Arnaud Montebourg est un bel animal politique. Il a l'oeil vif, le geste emphatique et le verbe haut des bretteurs d'une République dont les animateurs n'avaient pas besoin d'excès de peopilisation pour exister. Vu des tribunes on ne peut qu'applaudir à l'expression froide de son cynisme. L'outrecuidance de ses propos fait souvent mouche. Au regard de son talent, le député de la Bresse étonne parfois lorsqu'il s'engage avec véhémence dans la défense de sujets contrefaits malgré leur apparence séduisante. Il en est ainsi du mandat unique dont il fut longtemps le héraut. Mais le boulet de la défaite passa si près de ses oreilles aux dernières élections législatives qu'il crut bon de revoir sa pratique. C'est ainsi qu'il s'octroya un parachute ventral en se faisant élire Conseiller général. Emprunt de schizophrénie, il avait au coeur de l'été, fait une déclaration fracassante expliquant qu'à l'usage le cumul des mandats étant encore pire que ce qu'il croyait , il en reviendrait d'ici peu à une orthodoxie dont il n'aurait jamais dû dévier: un homme, un siège. Quant est-il depuis?

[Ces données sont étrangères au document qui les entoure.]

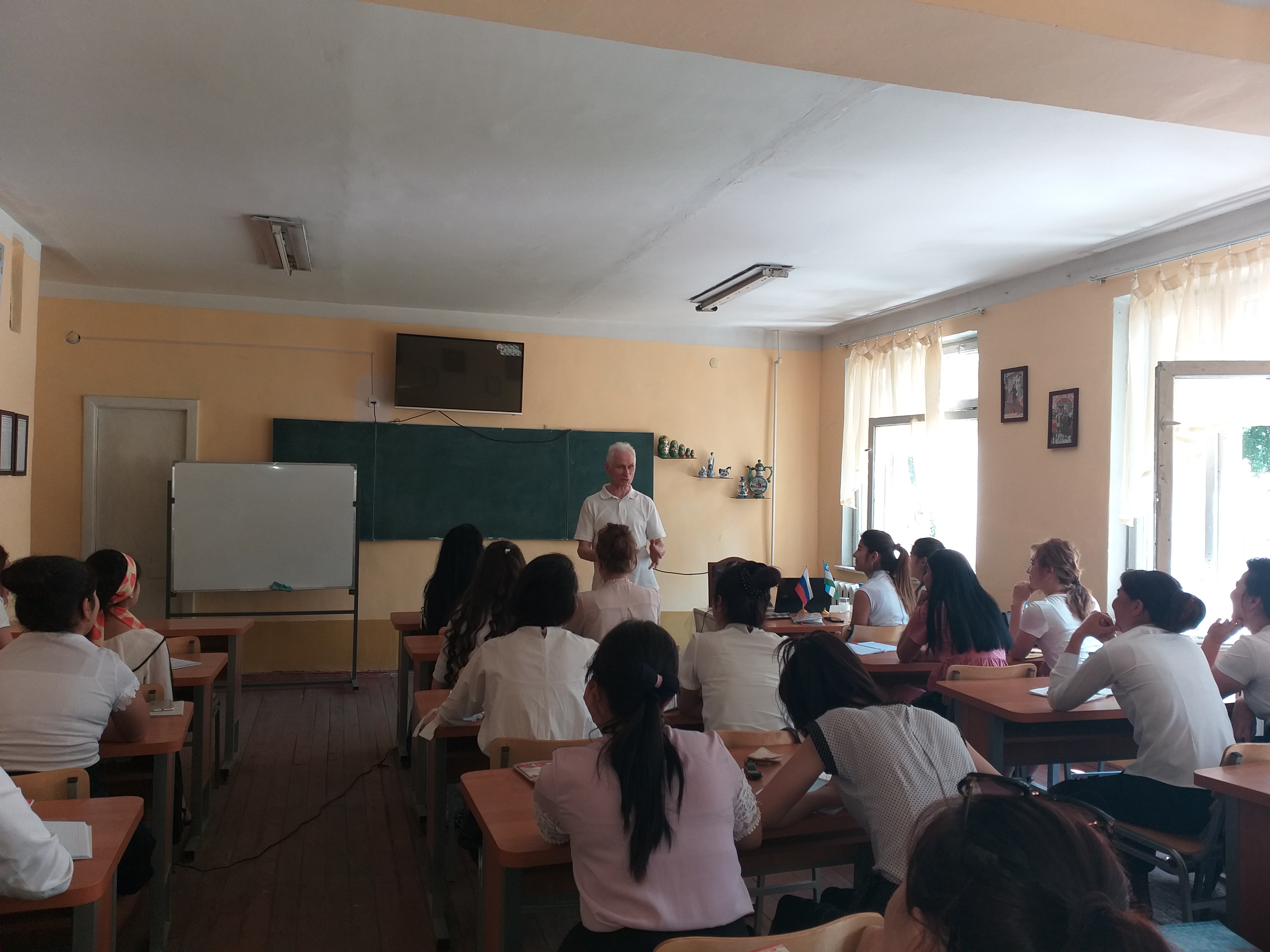 Параллельно с 16 по 21 мая со студентами 2 и 3 курсов профилей «Родной язык и литература (русский язык и литература)» факультета иностранных языков преподаватели БГПУ им. М. Акмуллы: заведующие кафедрами русского языка И.В. Артюшков и русской литературы В.В. Борисова, приглашенные ранее кокандской стороной, проводили интенсивные занятия с узбекскими студентами по русскому языку и литературе. Занятия вызвали у студентов большой интерес, поскольку их проводили носители русского языка и русской культуры, и оказались очень полезными как для преподавателей, так и для обучаемых.
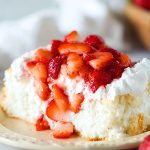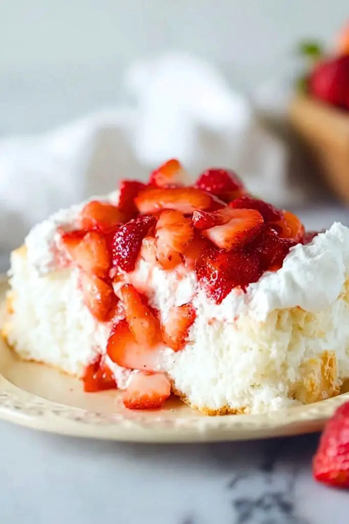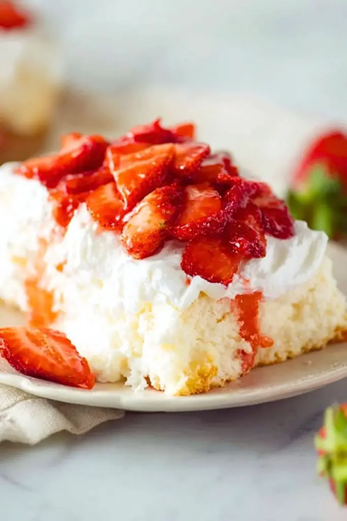 Keywords: angel food cake, strawberry dessert, low fat cake, easy summer dessert, dairy-free cake, light dessert, whipped cream, picnic dessert, breakfast ideas, healthy snack
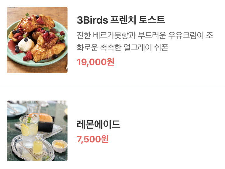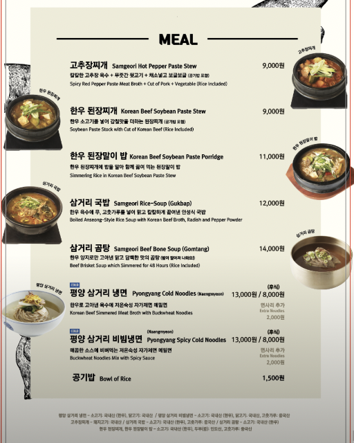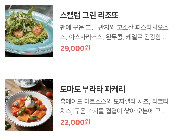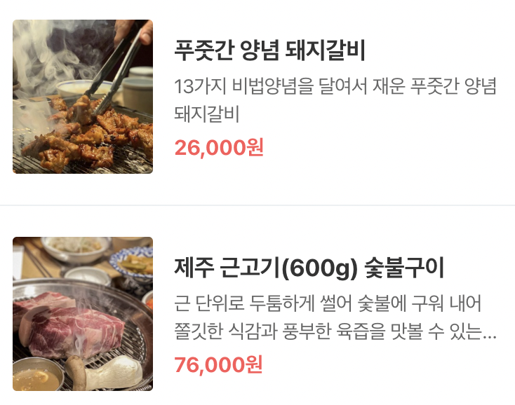 메뉴 및 가격
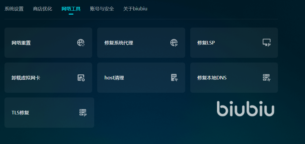 很多小伙伴平時(shí)還玩其他的游戲,涉及多個(gè)游戲平臺(tái),這些都在biubiu的加速范圍內(nèi)。大家如果遇到網(wǎng)頁(yè)無(wú)法加載或者是加速無(wú)效這些情況,可以打開biubiu工具箱修復(fù)它們,工具箱里的工具又多又全面,輕松修復(fù)網(wǎng)卡故障還玩家一個(gè)全新的游戲環(huán)境。
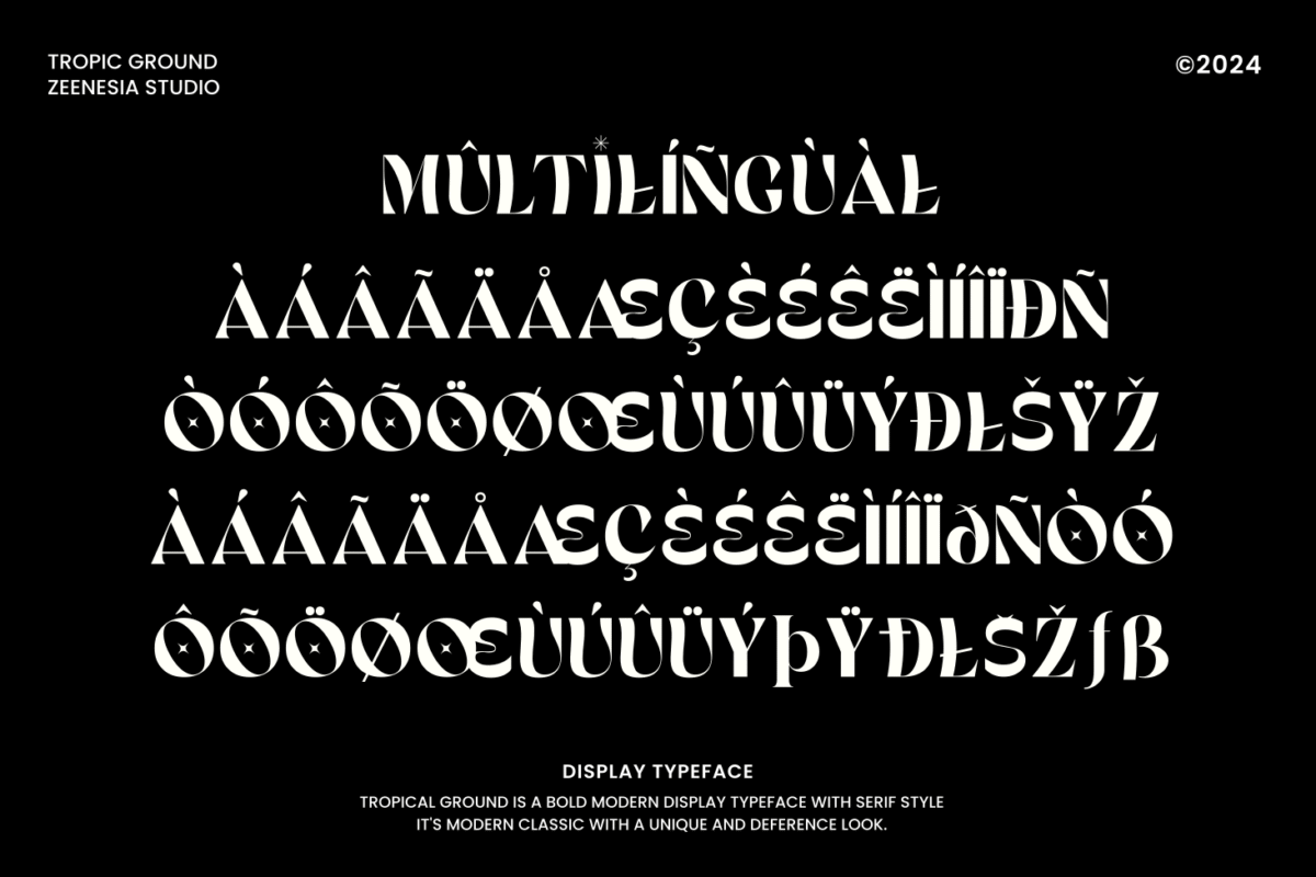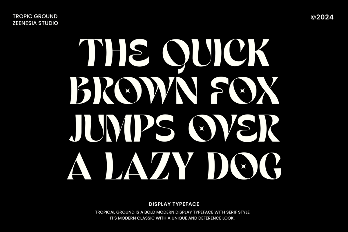 Tropic Ground is a unique display font with serif style. It’s modern and classic font with a unique and deference look . Perfect if you need a dose of fun in your project. Perfect for editorial projects, Logo design, web font, clothing branding, product packaging, magazine headers, or simply as a stylish text overlay to any background image.

L'étonnement dure encore lorsque Arnaud Montebourg se fait le défenseur acharné des primaires du peuple de gauche, allant jusqu'à menacer d'en faire son dernier combat au sein de son parti s'il devait être perdu. Malheureusement, le panache, à moins qu'il ne s'agisse d'un oukase, n'a pas ici valeur d'argumentaire pertinent. Deux éléments de celui-ci sont d'ailleurs particulièrement déconcertants.

Le premier émane du Président de Terra nova qui justifie l'exercice d'un scrutin préliminaire à gauche pour permettre l'avénement du "Barack Obama français". Il est certainement judicieux de surfer sur l'événement planétaire que constitue l'élection d'un noir à la Présidence des Etats-Unis. Dans ce cas, c'est, sans ambages, au tour de Malek Boutih de sortir du chapeau.

Le second consiste à faire référence à l'expérience italienne où les forces de gauche ont expérimenté cette idée merveilleuse de "primaires ouvertes". Or depuis qu'elles en ont eues l'usage, elles sont laminées et s'enfoncent dans une opposition stérile à Silvio Berlusconi qui doit s'en prendre aux frasques de sa vie privée pour s'inquiéter de l'effritement de sa popularité.

Les primaires ont un sens dès lors qu'elles sont circonscrites à un parti politique, ce en quoi l'expérience du PS de 2006 en fut une belle démonstration. C'est de sa mise en concurrence avec Dominique Strauss-Kahn et Laurent Fabius que Ségolène Royal tire, aujourd'hui encore, toute sa légitimité. Le parti, constitué à partir d'une adhésion et d'un sentiment d'appartenance de ses membres, permet cette procédure. Il est déjà porteur d'un rassemblement à partir duquel il a construit une unité. Même si celle-ci peut s'avérer n'être qu'une façade, elle existe. En 2006, personne n'a osé entrer en dissidence face à Ségolène Royal.

Au sein du peuple de gauche, rien n'indique que le rassemblement et l'unité autour d'un processus de primaire puissent être garanti. On en revient alors au mode de scrutin à deux tours. Dans une confrontation totale, la seule primaire qui vaille, c'est la premier tour car c'est lui qui permet d'établir un rapport de force au sein d'une éventuelle future majorité. A défaut de projet et d'idée, on comprend que certains socialistes en soit rendu à se rabattre sur des règles de procédure et des modes opératoires pour reprendre le leadership à gauche. De ce point vue, les primaires peuvent apparaître comme le big bang reconstructeur de l'opposition. En imposant de nouveaux repères à tous ceux que Nicolas Sarkozy irrite, les frondeurs d'une génération qui, sans le funeste 21 avril 2002 occuperaient aujourd'hui les ministères, s'imaginent pouvoir refaire leur retard. Ce faisant, ils montrent la faiblesse insigne de leur vitalité intellectuelle.

Le plus terrible dans cette affaire, c'est que même les septiques ont renoncé à faire entendre la raison quant bien même elle se confond avec leurs intérêts. Au mieux, ils se taisent, au pire ils en sont réduit à se rallier. C'est notamment le cas de Laurent Fabius qui déclare: "Qu'on y soit favorable ou pas les primaires sont devenus inévitables,...". Dans sa réticence à s'engager dans une compétition incertaine Martine Aubry est de plus en plus isolée. Pour un chef de parti ce n'est pas la meilleure des postures. Une fois encore le rendez-vous de la Rochelle nous promet du spectacle.